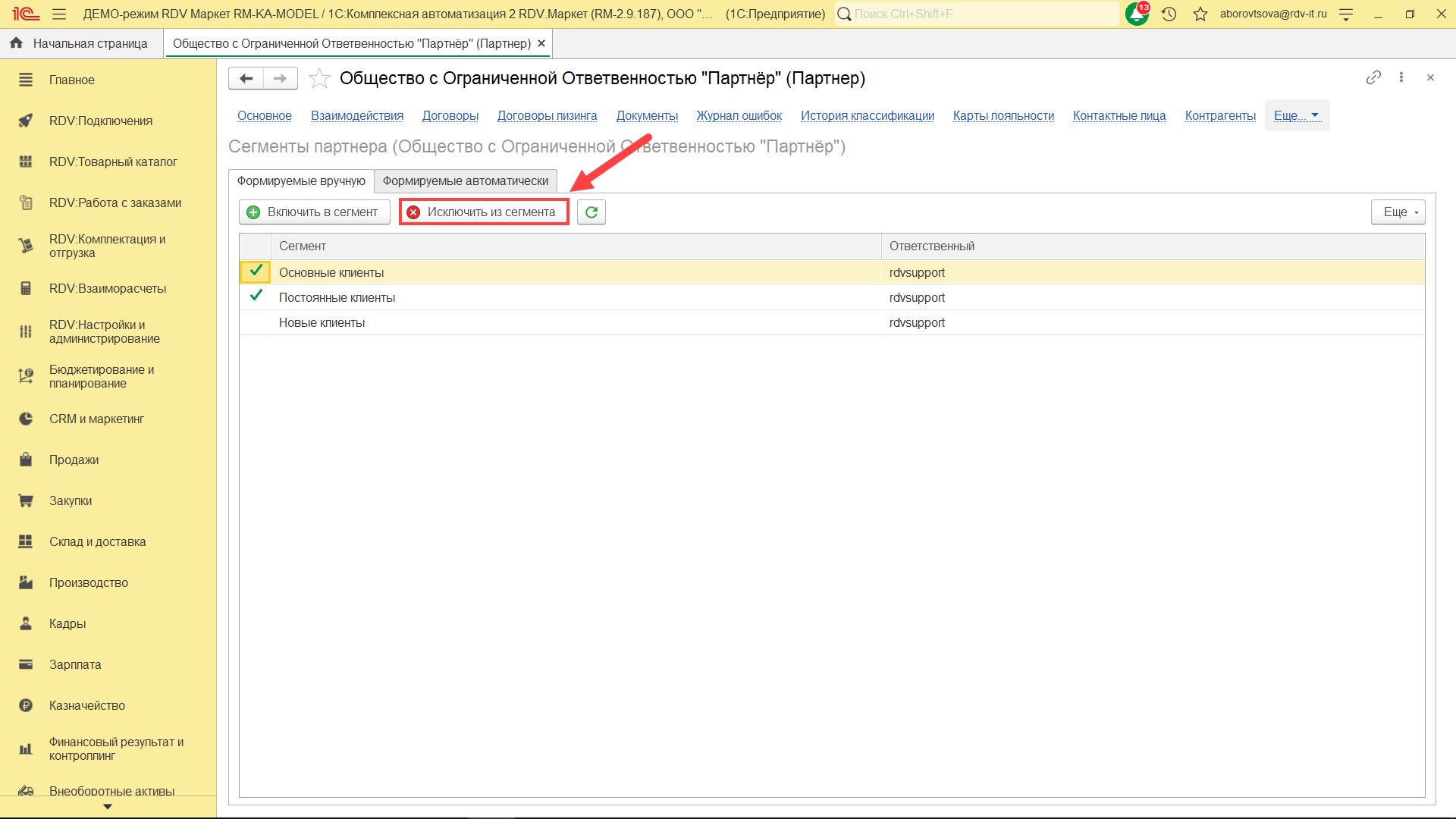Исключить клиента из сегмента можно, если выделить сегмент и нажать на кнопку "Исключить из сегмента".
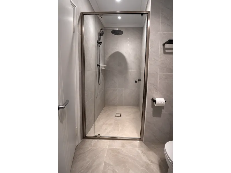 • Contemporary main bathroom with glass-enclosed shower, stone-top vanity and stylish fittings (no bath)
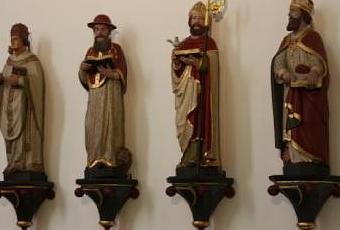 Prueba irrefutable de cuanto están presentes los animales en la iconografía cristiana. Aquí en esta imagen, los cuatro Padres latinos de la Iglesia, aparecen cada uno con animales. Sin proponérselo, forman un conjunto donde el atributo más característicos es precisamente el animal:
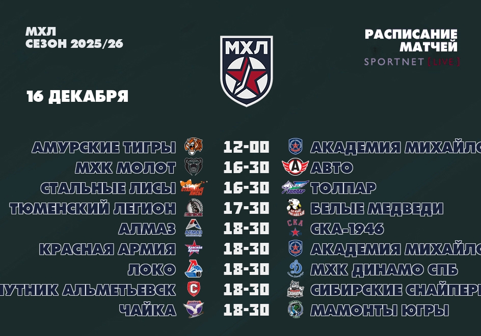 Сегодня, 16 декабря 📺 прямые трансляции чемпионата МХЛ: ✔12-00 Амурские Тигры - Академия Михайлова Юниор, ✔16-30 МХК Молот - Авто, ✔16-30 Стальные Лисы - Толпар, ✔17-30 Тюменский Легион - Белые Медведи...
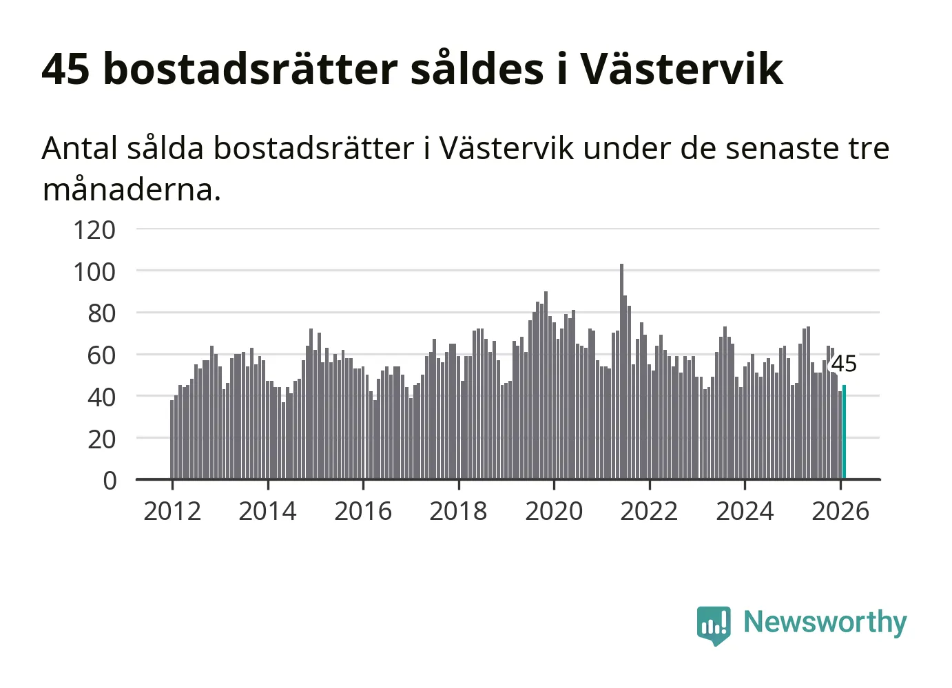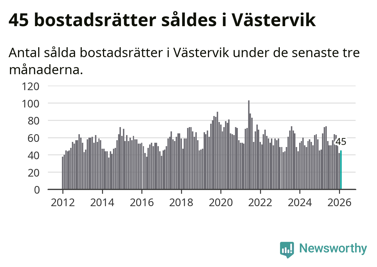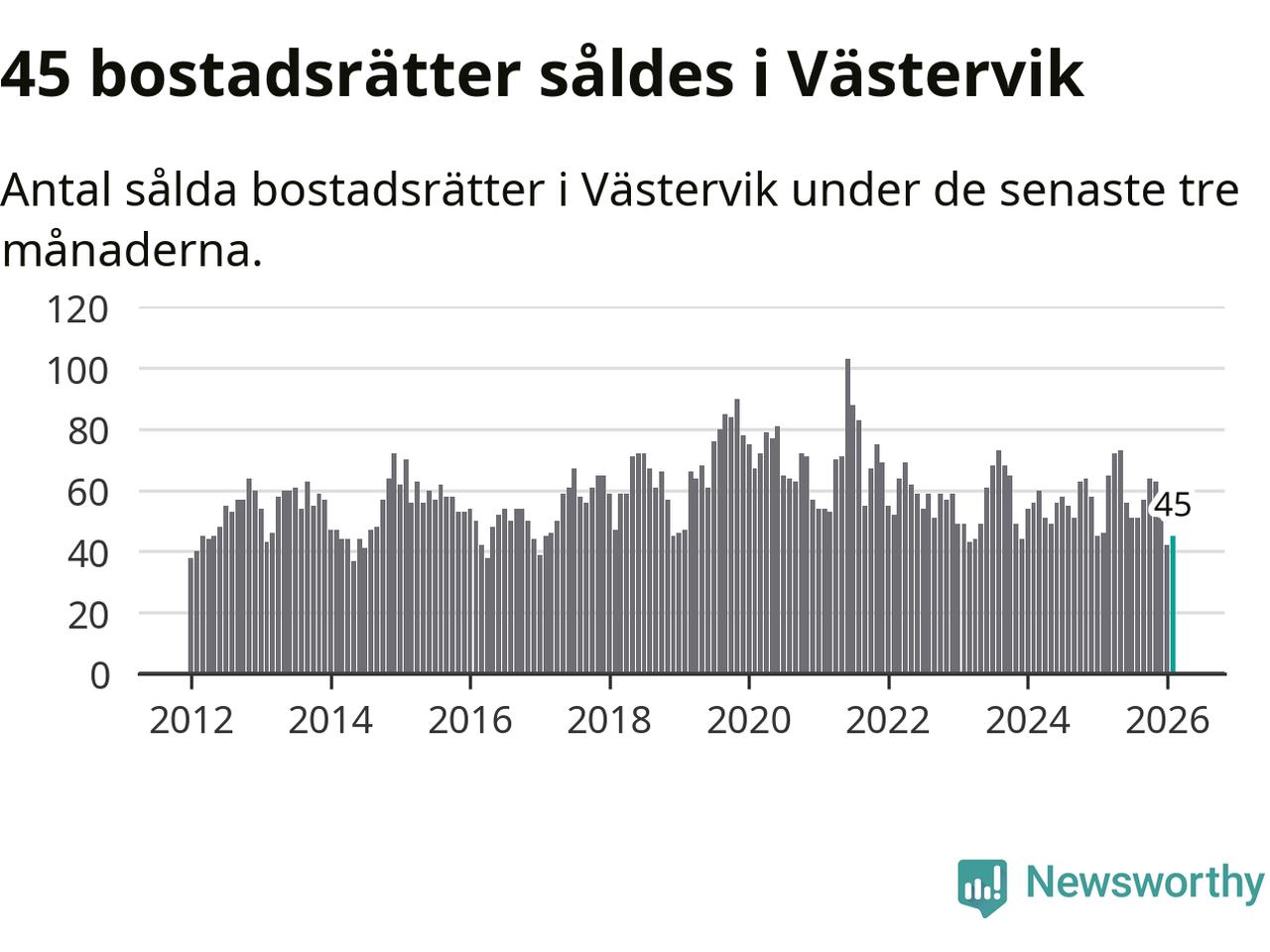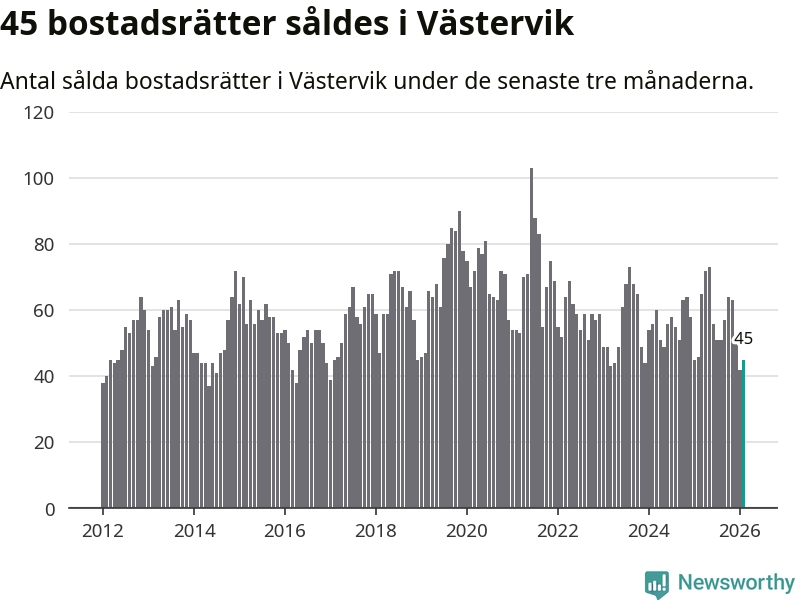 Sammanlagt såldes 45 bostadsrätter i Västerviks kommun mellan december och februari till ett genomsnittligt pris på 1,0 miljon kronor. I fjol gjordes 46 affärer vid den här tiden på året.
·····
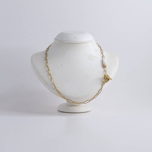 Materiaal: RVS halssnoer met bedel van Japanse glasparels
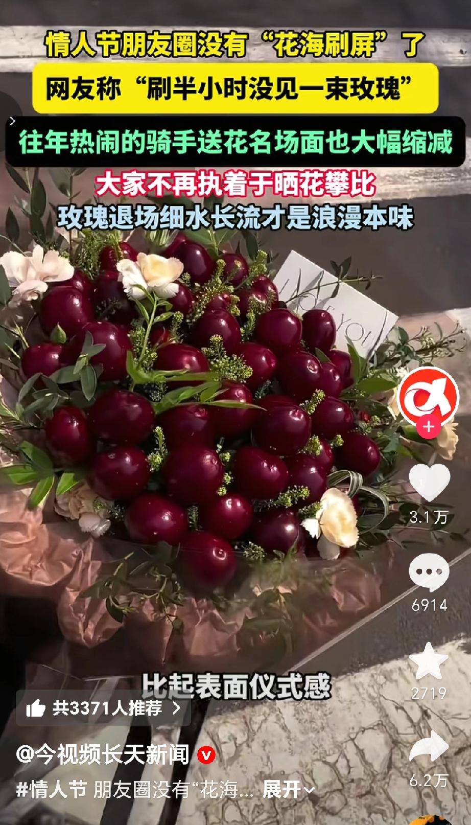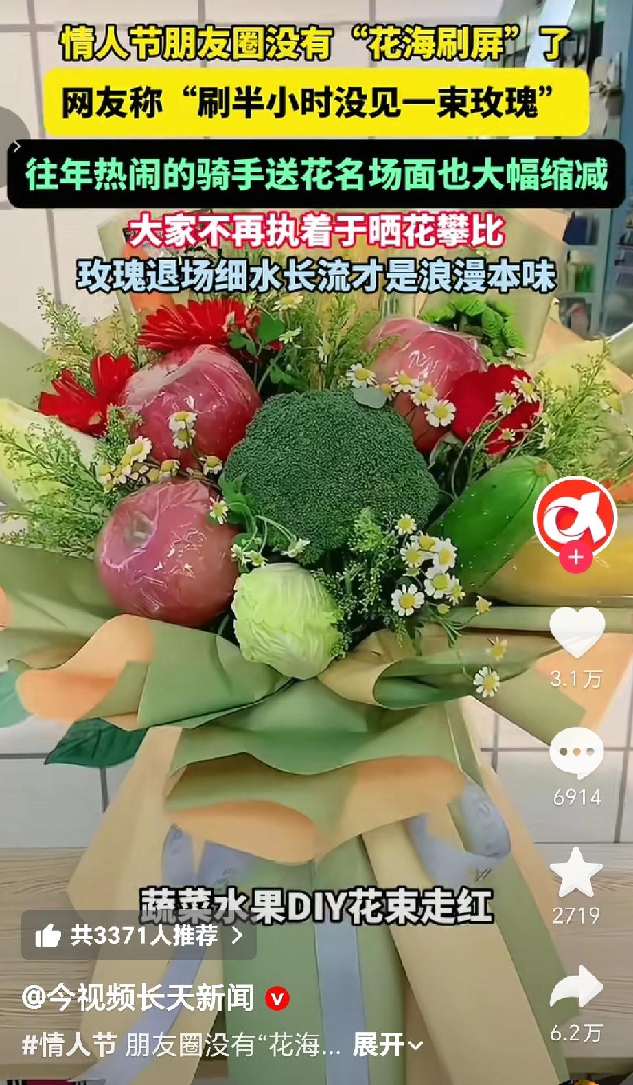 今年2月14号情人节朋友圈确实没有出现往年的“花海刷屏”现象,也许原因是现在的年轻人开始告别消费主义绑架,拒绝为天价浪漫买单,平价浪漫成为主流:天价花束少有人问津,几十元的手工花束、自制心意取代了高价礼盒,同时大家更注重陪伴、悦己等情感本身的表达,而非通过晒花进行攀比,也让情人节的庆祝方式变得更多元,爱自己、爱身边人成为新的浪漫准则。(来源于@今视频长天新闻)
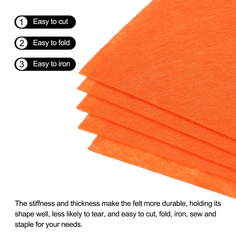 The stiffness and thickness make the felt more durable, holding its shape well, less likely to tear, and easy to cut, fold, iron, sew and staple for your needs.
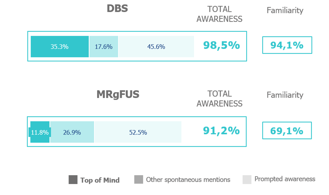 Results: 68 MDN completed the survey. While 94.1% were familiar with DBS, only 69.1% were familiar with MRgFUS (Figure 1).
·····
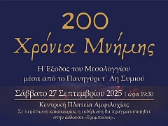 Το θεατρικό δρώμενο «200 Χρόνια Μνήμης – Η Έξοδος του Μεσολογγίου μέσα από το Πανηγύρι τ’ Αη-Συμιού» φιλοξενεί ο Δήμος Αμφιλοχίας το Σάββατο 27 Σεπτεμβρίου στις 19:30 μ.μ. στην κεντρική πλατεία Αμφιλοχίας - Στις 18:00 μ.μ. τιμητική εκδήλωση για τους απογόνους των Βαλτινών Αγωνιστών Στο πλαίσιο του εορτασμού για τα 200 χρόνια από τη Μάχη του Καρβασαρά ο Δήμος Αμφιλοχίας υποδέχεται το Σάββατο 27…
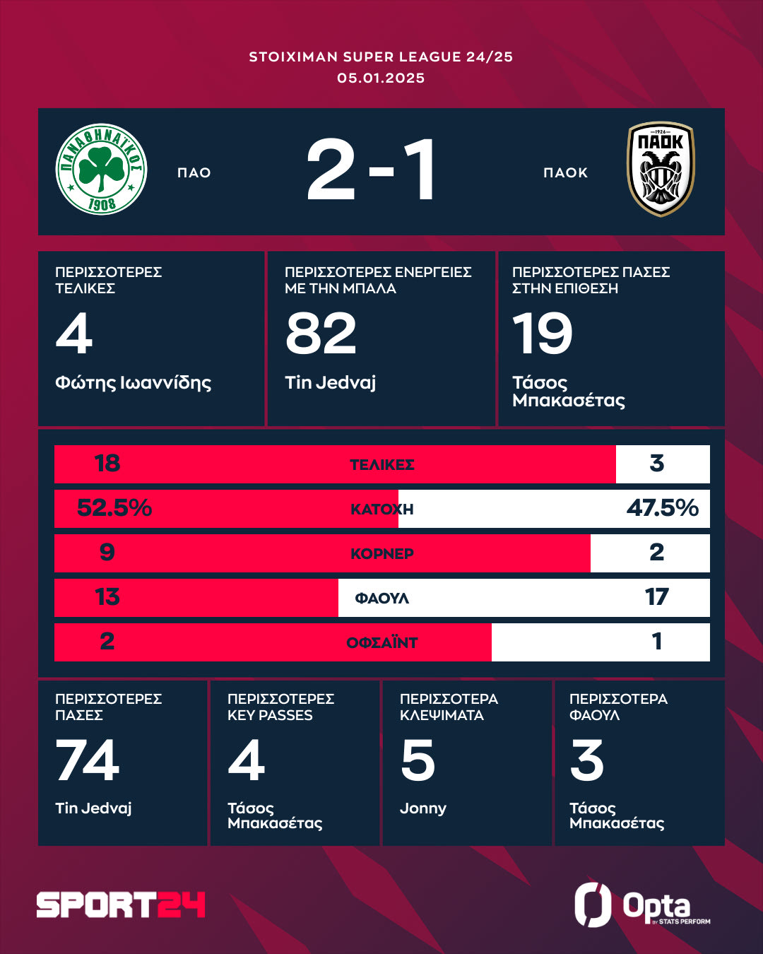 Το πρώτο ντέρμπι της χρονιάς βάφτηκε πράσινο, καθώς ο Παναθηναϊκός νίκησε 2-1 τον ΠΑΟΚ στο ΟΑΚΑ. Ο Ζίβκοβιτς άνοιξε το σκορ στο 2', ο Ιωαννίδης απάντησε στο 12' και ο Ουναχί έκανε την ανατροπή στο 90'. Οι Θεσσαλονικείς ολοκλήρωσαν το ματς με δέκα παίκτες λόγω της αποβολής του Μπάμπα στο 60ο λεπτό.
·····
_Task prompt_.
Given the entries above, transcribe exactly the lines from the one holding "Исключить клиента из" through the one holding "Sammanlagt såldes 45"; pictures do not belong in the transcription.

_Output below_.
Исключить клиента из сегмента можно, если выделить сегмент и нажать на кнопку "Исключить из сегмента".
 • Contemporary main bathroom with glass-enclosed shower, stone-top vanity and stylish fittings (no bath)
 Prueba irrefutable de cuanto están presentes los animales en la iconografía cristiana. Aquí en esta imagen, los cuatro Padres latinos de la Iglesia, aparecen cada uno con animales. Sin proponérselo, forman un conjunto donde el atributo más característicos es precisamente el animal:
 Сегодня, 16 декабря 📺 прямые трансляции чемпионата МХЛ: ✔12-00 Амурские Тигры - Академия Михайлова Юниор, ✔16-30 МХК Молот - Авто, ✔16-30 Стальные Лисы - Толпар, ✔17-30 Тюменский Легион - Белые Медведи...
 Sammanlagt såldes 45 bostadsrätter i Västerviks kommun mellan december och februari till ett genomsnittligt pris på 1,0 miljon kronor. I fjol gjordes 46 affärer vid den här tiden på året.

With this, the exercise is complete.